The evaluation criteria for the two community tenders are identical, as are the ones for the commercial tender with those of previously announced tenders for frequencies in Budapest, including the frequency used by Klubradio. Even though the announcements in each case allow some discretion for the bidder in terms of program content and structure, they seem to reflect a policy concept — provided, that is, that one assumes bona fide that the Media Council works by any concept at all — that preference among a commercial stations must or should be given to music stations, relegating talk radios, including those airing public affairs content, to a status of community service provider excluded from the logic of the market.

In terms of point scores, the evaluation criteria for the 95.8 MHz commercial frequency are identical to the terms of the tenders previously announced by the Media Council for frequencies in Budapest.
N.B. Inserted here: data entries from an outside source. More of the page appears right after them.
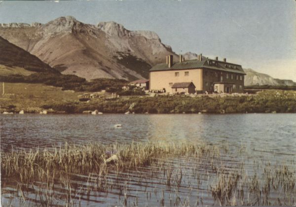 Widok na schronisko Kieżmarskie w Dolinie Białych Stawów. Na pierwszym planie Wielki Biały Staw. W tle szczyty Tatr Bielskich, od lewej: Jatki, Golica Bielska, Bujaczy Wierch, Rakuski Grzbiet.
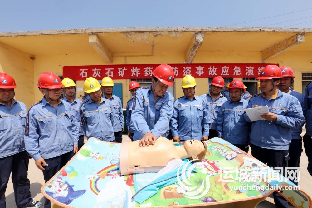 6月13日,河津市石灰石矿企业员工在进行心肺复苏应急演练。
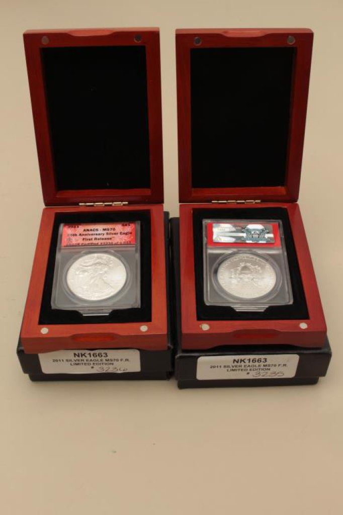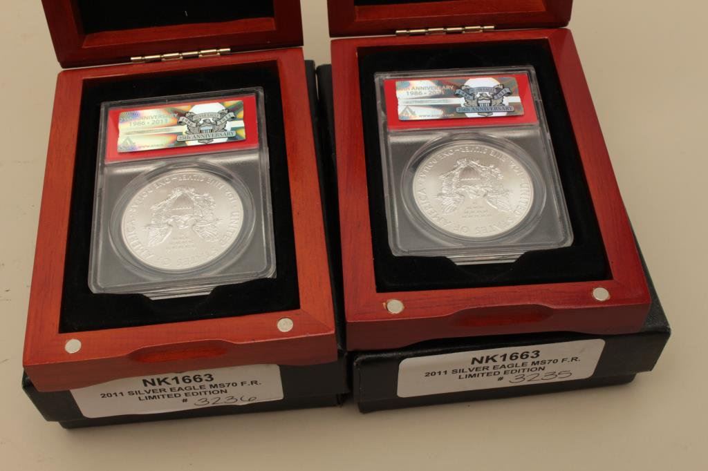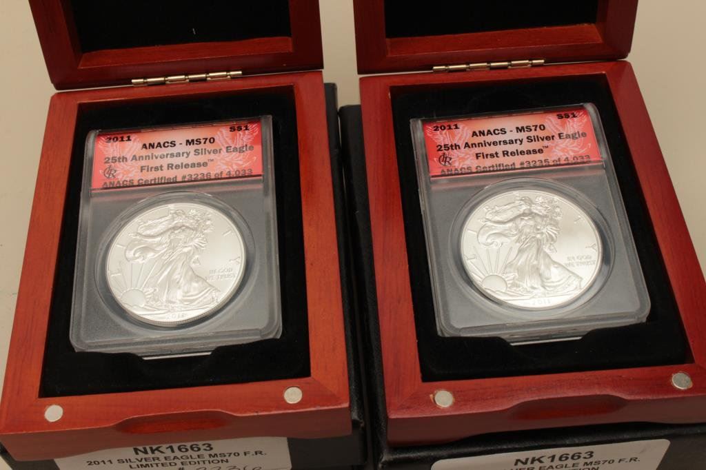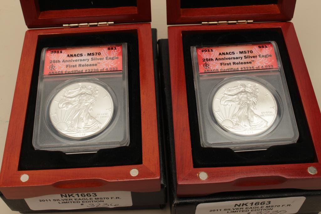 Lot 1652 Two 25th Anniversary Silver Eagle First Release coins; ANACS-MS70 slabbed
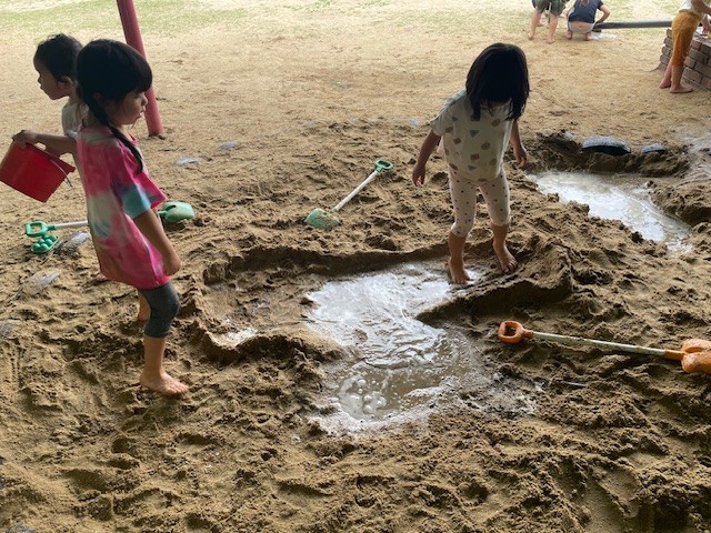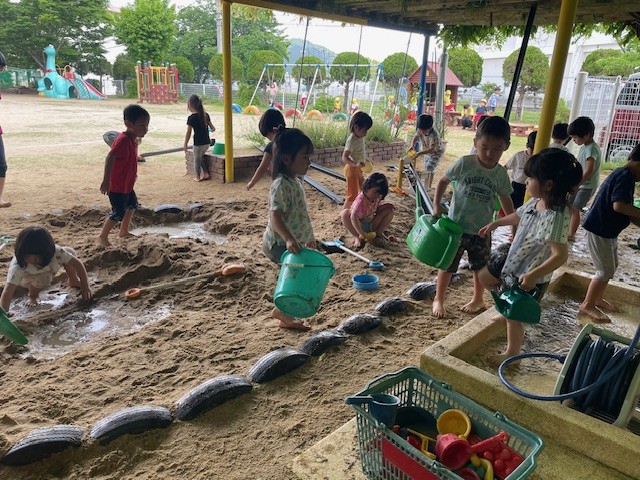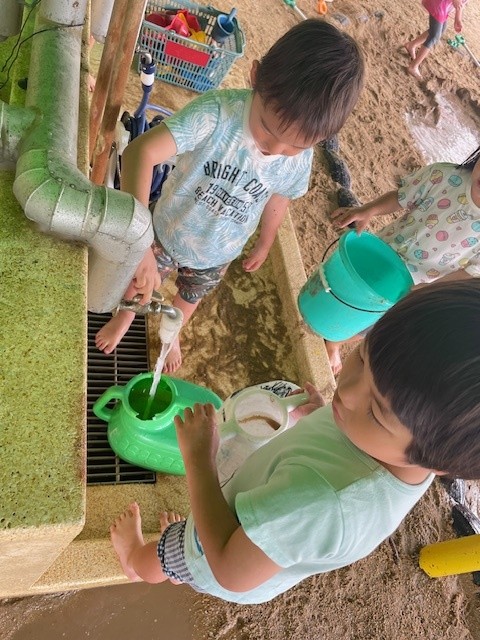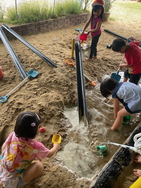 2025.05.26 どろんこ遊び(^^)/ 先々週以降、全学年でどろんこ遊びを楽しんでいます。梅雨入りしそうなお天気が続いていますが、お天気の時はできるだけ外で思い切りどろんこになって遊びたい子どもたちです(^^)/ 年中さんたち、みんな夢中で遊んでいました(^^♪ おそるおそる・・・水たまりに入る子もいました♬ 水が流れるのが楽しくて仕方ない!! それぞれに自分のやりたいことを考えてやっていくうちに自然と役割分担が( ´艸`) お水はルールを守って大切に使います✊ 年少さんは最初からざぶーーん! 気持ちよさそうでしたよ♪
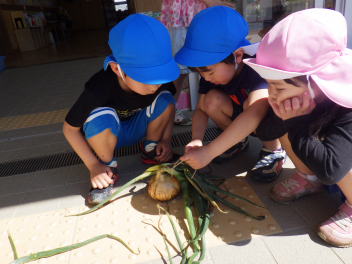 玉ねぎの茎が倒れてきて、土から顔を出している玉ねぎを見て『もう玉ねぎとってもいいかな・・』となったぞう組のこどもたちsad玉ねぎの絵本を見て茎が倒れたらとってもいいサインと知り、玉ねぎ収穫が始まりましたwink
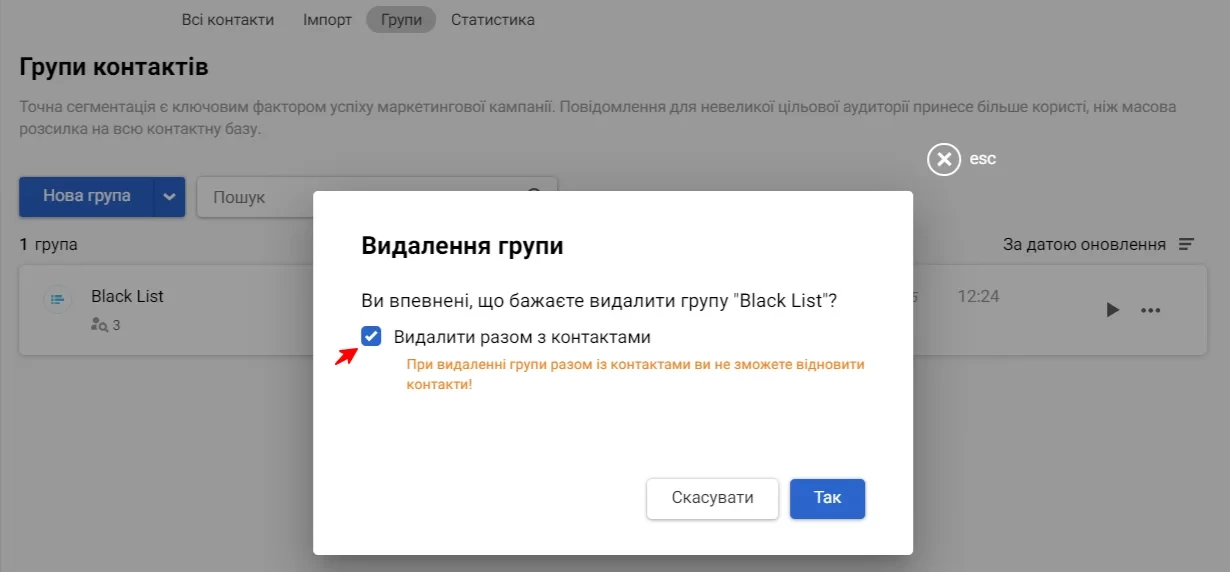 Підтвердіть видалення групи разом із контактами, поставивши відповідну галочку й натиснувши кнопку Так.
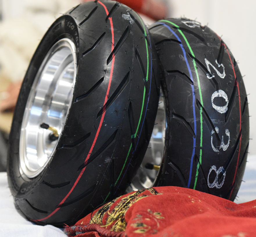 These are the 110/80 tyres on rims that I widened to 3 inches.
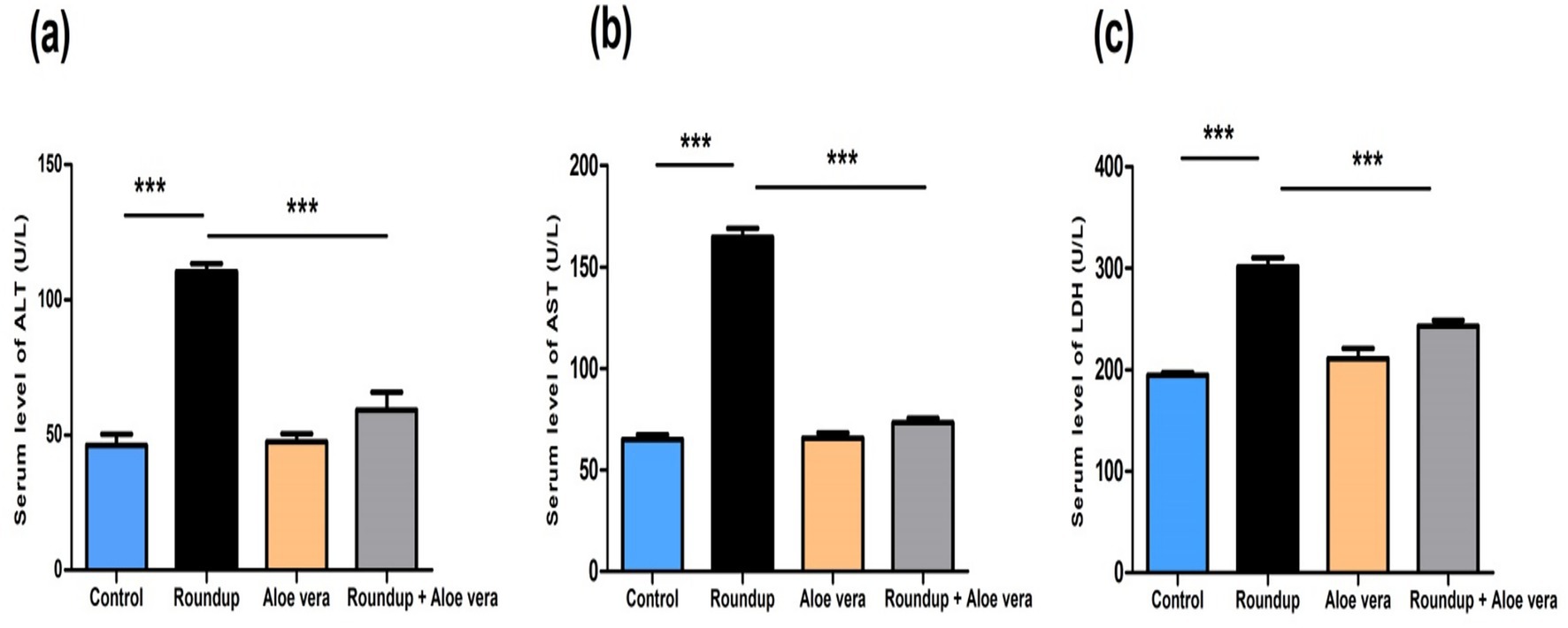 Figure 3. Effect of co-administration of Roundup and Aloe Vera on liver function enzymes. Serum levels of (a) ALT, (b) AST, and (c) LDH showing significant down-regulation in the Roundup + Aloe Vera-treated rats compared to the Roundup-exposed rats. ***p < 0.001.
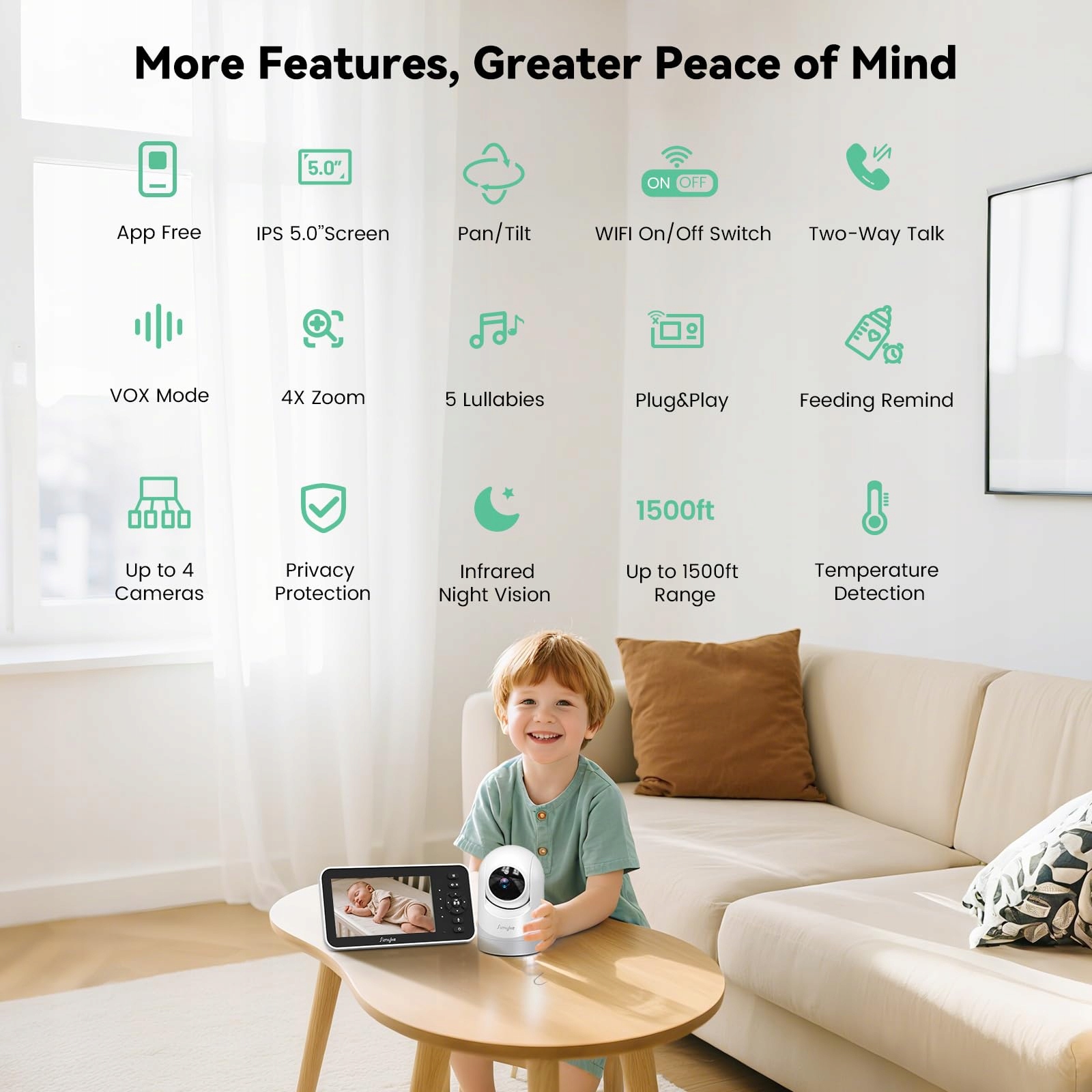 Video-niania BME50P obsługuje 5-calowy wyświetlacz IPS bez Wi-Fi ani połączenia przez 2,4 GHz WiFi z darmową aplikacją Simyke, wspiera iOS i Android. Idealna dla świeżo upieczonych rodziców, którzy szukają połączenia nowoczesnej technologii, niezawodności i spokoju ducha.
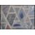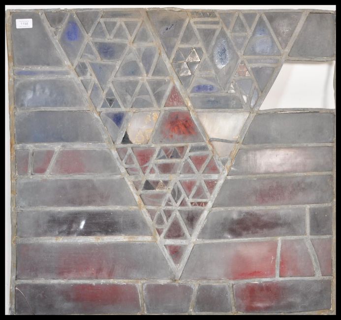 An early 20th Century leaded stain glass window having a geometric triangular design made up of mostly red and blue glass panels. Measures: 73cm high x 79cm deep.
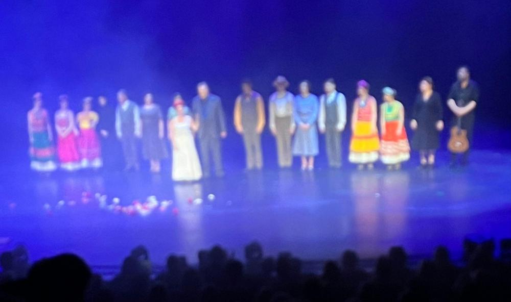 Tuo iskulause kuultiin myös esityksen lopussa. Ihanat espanjankieliset laulut (Petra Karjalainen) siivittivät sopivasti näytelmän tunnelmia.
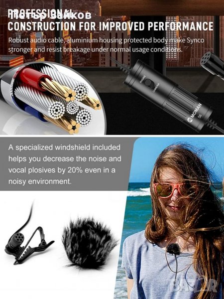 Улавя широкообхватен звук: Използвайки 360° многопосочна кондензаторна капсула, микрофонът Moman S6 Lavalier улавя звук с честотен диапазон от 60Hz до 19kHz еднакво от всички посоки, постигайки отлично представяне при улавяне на детайли, за да представи оригиналния звук. Той ви гарантира, че всичко, което попадне в полезрението ви, ще бъде уловено.
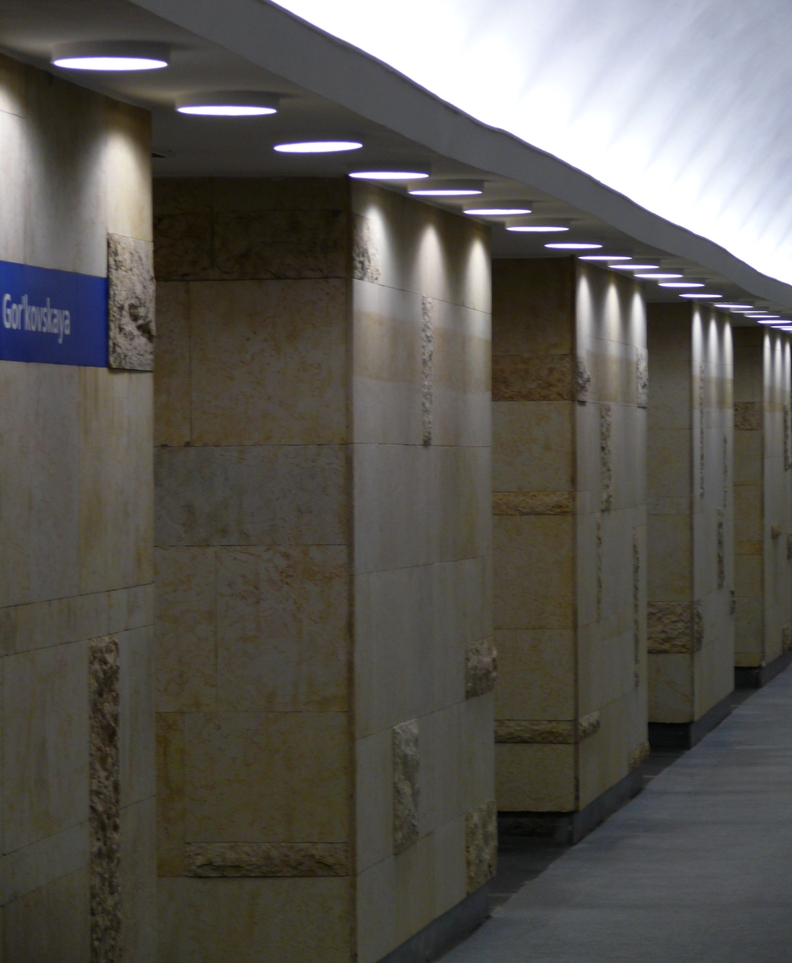 4 раза проезжал Горьковскую в сторону Петроградской - и каждый раз названия станции на путевой стене не были видны в окно: они были между краем окна и дверью, чуть вылезая из-за этого промежутка. это мне так повезло, или же это наклеивателям в глаз что-то попало?
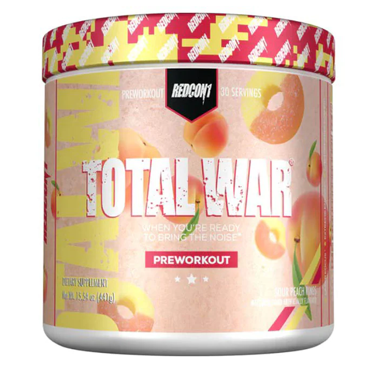 ريدكون1 توتال وور طعم الخوخ الحامض يأتي في عبوة تحتوي على 30 حصة، مما يوفر إمدادًا لشهر للاستخدام اليومي. تم تصميم التركيبة لمساعدة المستخدمين على السيطرة على أكثر تمارينهم تحديًا من خلال تحسين التركيز والطاقة والقدرة على التحمل.
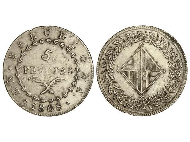 5 Pesetas. - 1808. - BARCELONA. - (Pequeñas rayas de ajuste en reverso. Golpecito en canto). Cal-13. MBC+/EBC-. - -
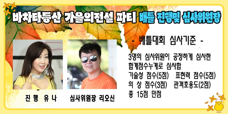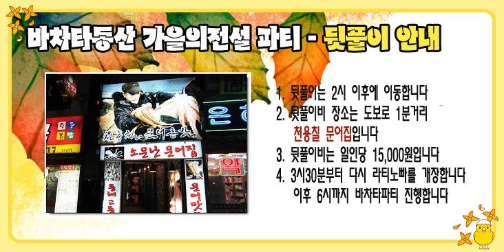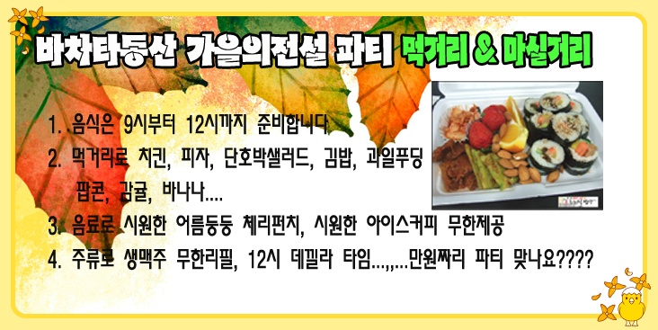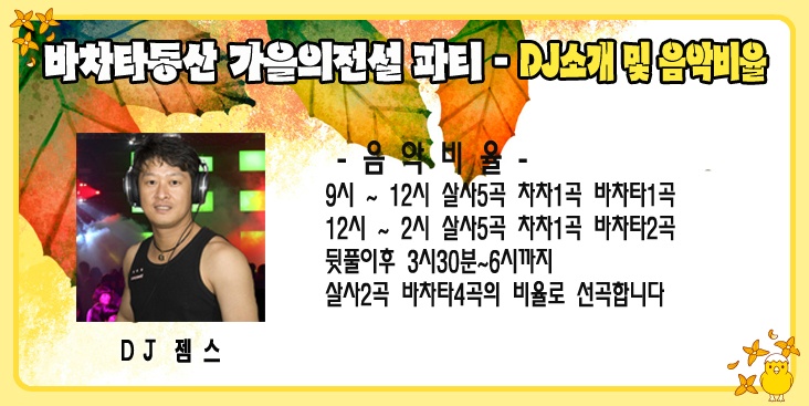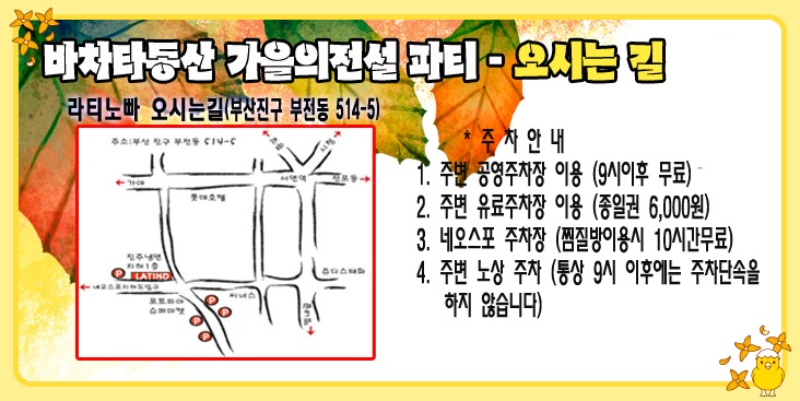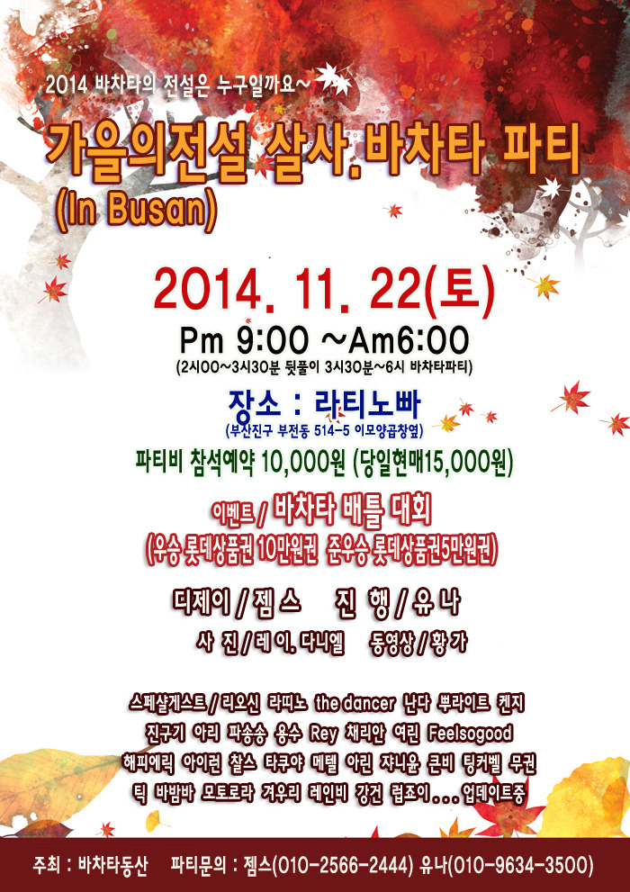 전국 분류 바동"가을의전설" 살사바차타파티(2014.11.22토) 작성자 정보 젬스쪽지보내기 메일보내기 자기소개 아이디로 검색 전체게시물쪽지보내기 메일보내기 자기소개 아이디로 검색 전체게시물 작성 작성일 2014.11.20 16:41 컨텐츠 정보 2,891 조회 0 추천 목록 답글 본문 예약 유의사항 1. 댓글로 참석예약만 해주시고 당일손입금(10,000원)하시면됩니다. 예약자200명한정 이후는 현매처리합니다 2. 전국살사,바차타관련동호회 시샵 및 인스트럭트는 무료입니다 (단, 신청글을 반드시 적어주세요) 초청을 원할경우 또는 초청 추천자가 있을경우 젬스&유나에게 연락주시면 처리해드리겠습니다 신청방법(댓글) 순번.닉네임 / 지역(동호회) / 남,여구분 / 한마디~~ // 0 추천 관련자료 링크 http://cafe.daum.net/_c21_/bbs_read?grpid=19pwa&mgrpid=&fldid=J4uU&content=P&contentval=000VXzzzzzzzzzzzzzzzzzzzzzzzzz&page=1&prev_page=0&firstbbsdepth=&lastbbsdepth=zzzzzzzzzzzzzzzzzzzzzzzzzzzzzz&listnum=20 512 회 연결 이전 11.29일 라플데이 미니파티~ 작성일 2014.11.20 16:55 다음 [해피 살사 라이프 연말 파티] 12월 28일!!! 유익하고 유쾌하고 다 퍼주는 행복한 파티. 개봉박두~~함께해요~ 작성일 2014.11.20 18:06 댓글 0 등록된 댓글이 없습니다. 로그인한 회원만 댓글 등록이 가능합니다. 목록 답글

The declared winners of these former tenders were music stations exclusively. However, the court invalidated the results for the 95.8 MHz frequency, if only for formal lapses rather than because of any substantive criteria of evaluation. It is difficult to generalize from the Klubradio affair given its political sensitivity, but it does seem to demonstrate that the evaluation criteria applied by the Media Council tend to favor music stations. 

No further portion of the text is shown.